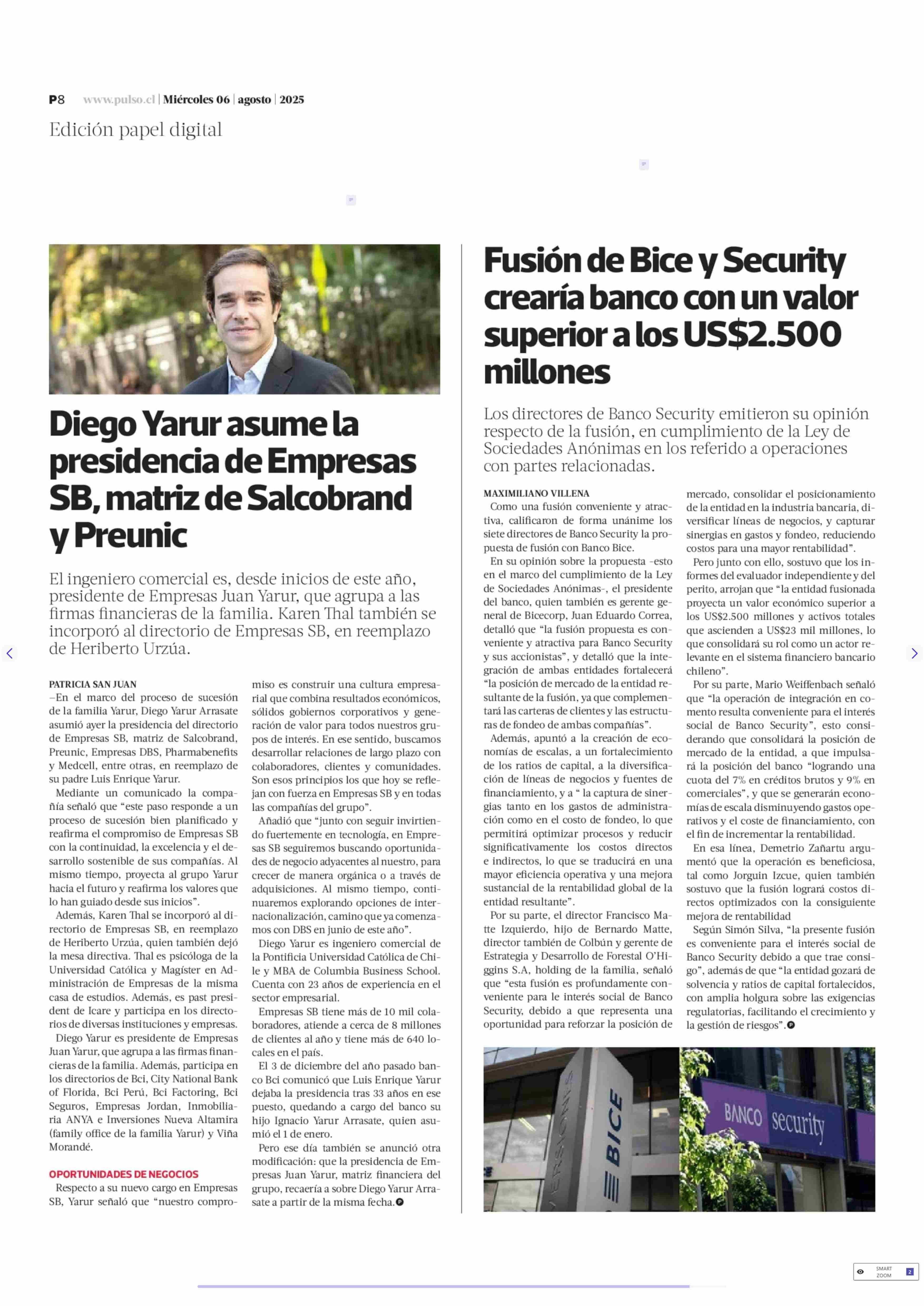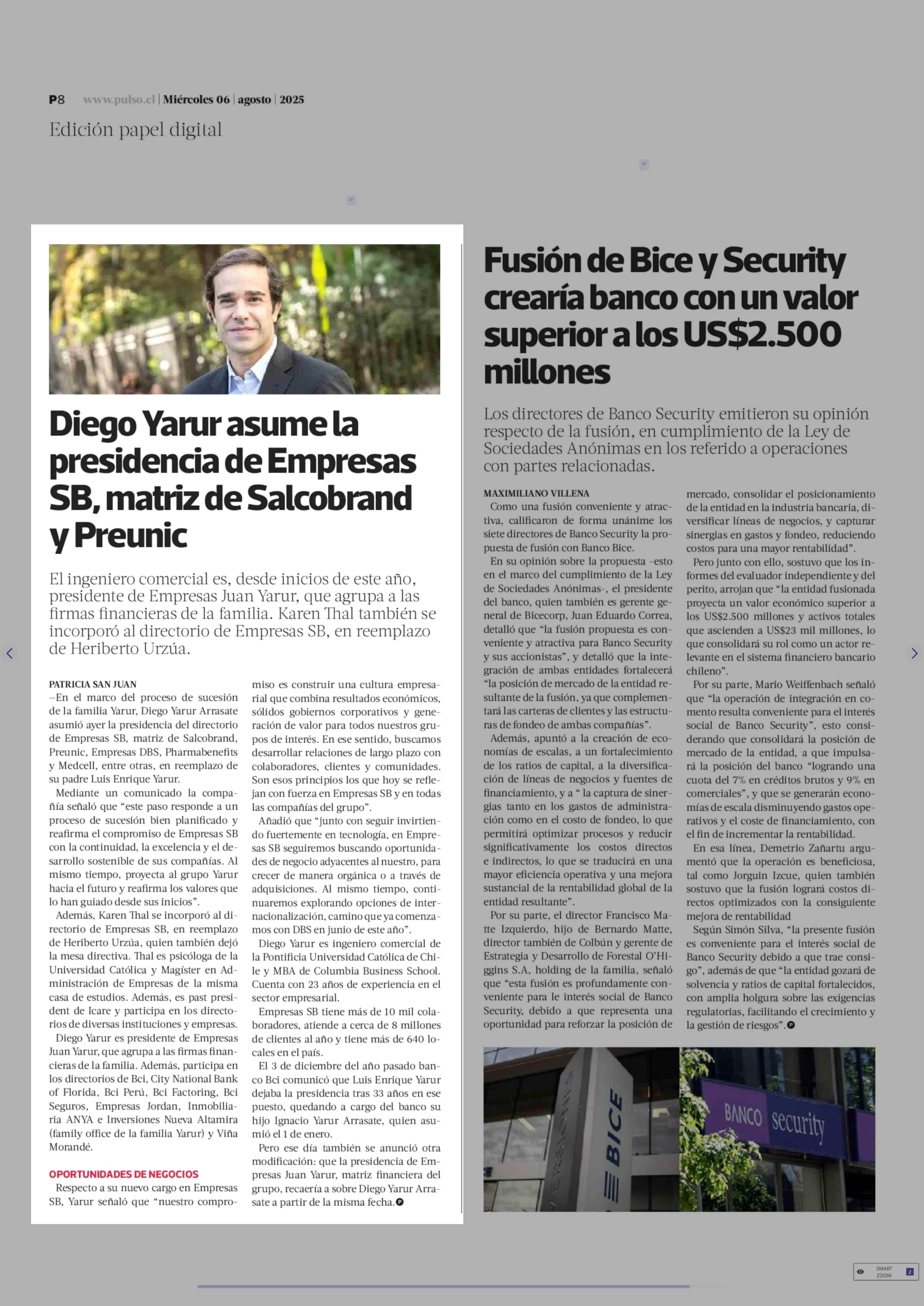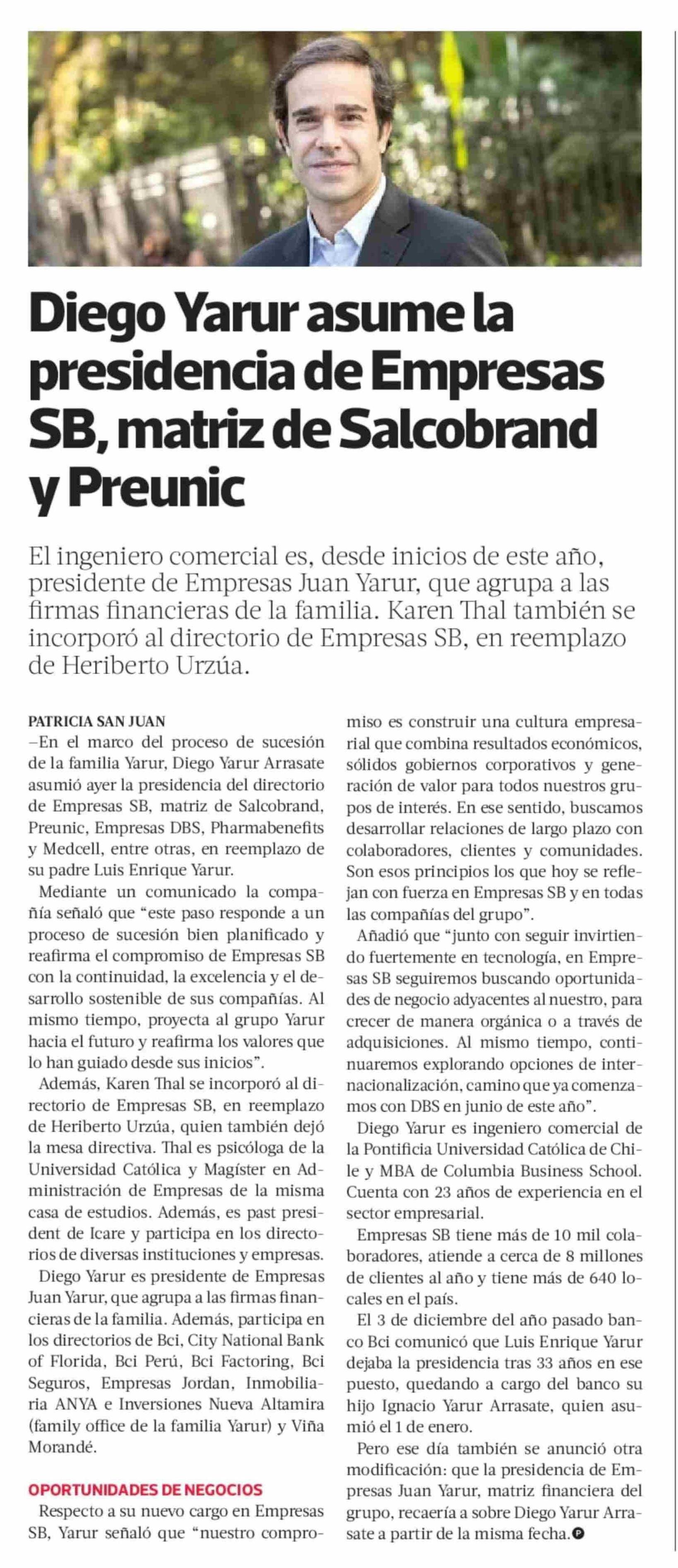 Diego Yarur asume la presidencia de Empresas SB, matriz de Salcobrand y Preunic 06-08-2025 La Tercera |
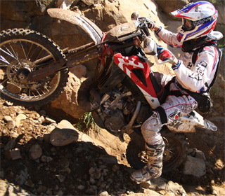 Algumas das passagens são mais propícias ao alpinismo do que ao motociclismo. Aqui o inglês Paul Bolton, 4º colocado |
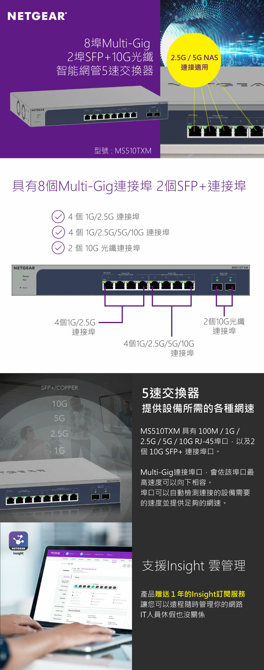 ★ 提供4個 100M/1G/2.5G/5G/10GBASE-T 連接埠口
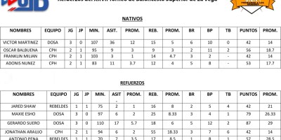 Martinez y Suero electos los mejores de la tercera semana del XXVII Torneo de Baloncesto Superior Vegano.
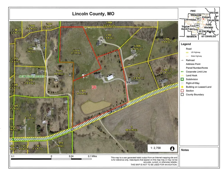 Research Parcel InformationFrom Troy. take Highway 61 to Highway B, make a right on Highway B towards Elsberry, make a right on Highway W, left on New Hope Road and then property is on the right.
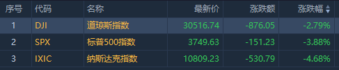 截止收盘,美国三大股指全线收跌,道指跌2.79%报30516.74点,标普500指数跌3.88%报3749.63点,跌入熊市,纳指跌4.68%报10809.23点,创2020年10月以来收盘新低。分析人士表示,人们担心的是,通胀正变得太热,央行将不得不以收紧政策的形式给经济浇一盆冷水。
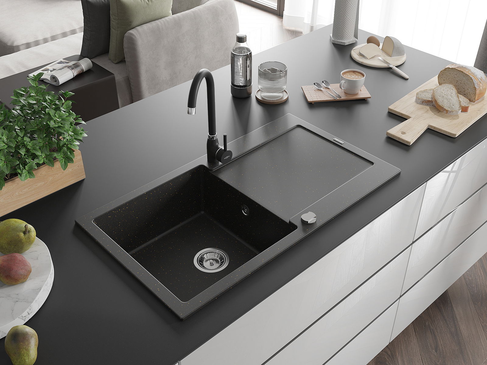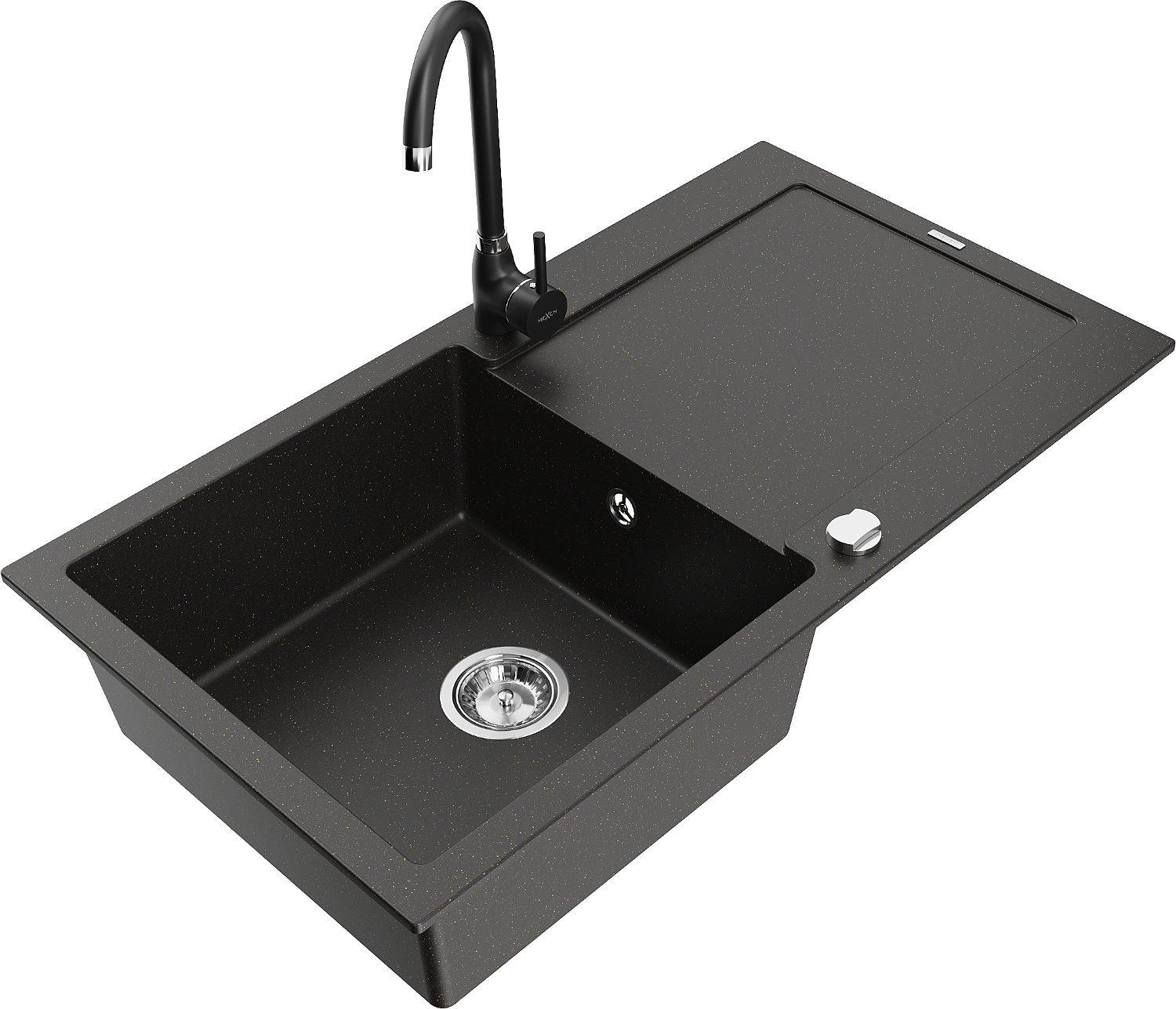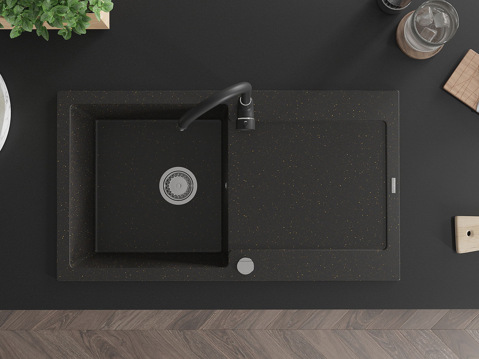 Mexen Leo évier en granit 1 bac avec égouttoir et robinet de cuisine Telma, noir/or métallique - 6501-75-670200-70
━━━━━━━━━━━━━━━━━━━━
_ACTIVITY_
Lines from the one that contains "提供4個 100M/1G/2.5G/5G/10GBASE-T 連接埠口" through the last line of the data above are to be extracted exactly, with no pictures and no other lines.

_RESULT BELOW_
 ★ 提供4個 100M/1G/2.5G/5G/10GBASE-T 連接埠口
 Martinez y Suero electos los mejores de la tercera semana del XXVII Torneo de Baloncesto Superior Vegano.
 Research Parcel InformationFrom Troy. take Highway 61 to Highway B, make a right on Highway B towards Elsberry, make a right on Highway W, left on New Hope Road and then property is on the right.
 截止收盘,美国三大股指全线收跌,道指跌2.79%报30516.74点,标普500指数跌3.88%报3749.63点,跌入熊市,纳指跌4.68%报10809.23点,创2020年10月以来收盘新低。分析人士表示,人们担心的是,通胀正变得太热,央行将不得不以收紧政策的形式给经济浇一盆冷水。
 Mexen Leo évier en granit 1 bac avec égouttoir et robinet de cuisine Telma, noir/or métallique - 6501-75-670200-70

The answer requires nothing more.